Executive Order 14387
- Type: Executive order
- Number: 14387
- President: Donald Trump
- Signed: February 18, 2026

Federal Register details
- Federal Register document number: 2026-03628
- Publication date: February 23, 2026

= Executive Order 14387 =

US order on phosphorus supply

Executive Order 14387, titled Promoting the National Defense by Ensuring an Adequate Supply of Elemental Phosphorus and Glyphosate-Based Herbicides is an executive order signed by U.S. President Donald Trump on February 18, 2026. The order invokes the Defense Production Act of 1950 to prioritize domestic production of elemental phosphorus and glyphosate-based herbicides for defense and agricultural purposes.

== Background ==
The order was issued amid concerns about limited domestic production capacity of elemental phosphorus and reliance on imports for materials used in defense technologies and agriculture.
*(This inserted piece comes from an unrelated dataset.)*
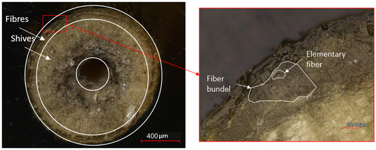 Figure 5 presents the interior structure of a flax stem before processing. The elemental fibres are located in the outer layer of the flax stem, while the flax shives are located in the core of the stem. This observation is in line with the literature [23].

It invokes the Defense Production Act to ensure an adequate domestic supply of elemental phosphorus and glyphosate-based herbicides. The measure followed concerns about supply pressures in the United States, where domestic glyphosate production is limited and supplemented by imports of generic alternatives. The order also directs federal authorities to prioritize and, if necessary, compel the production of glyphosate and related materials for national security purposes.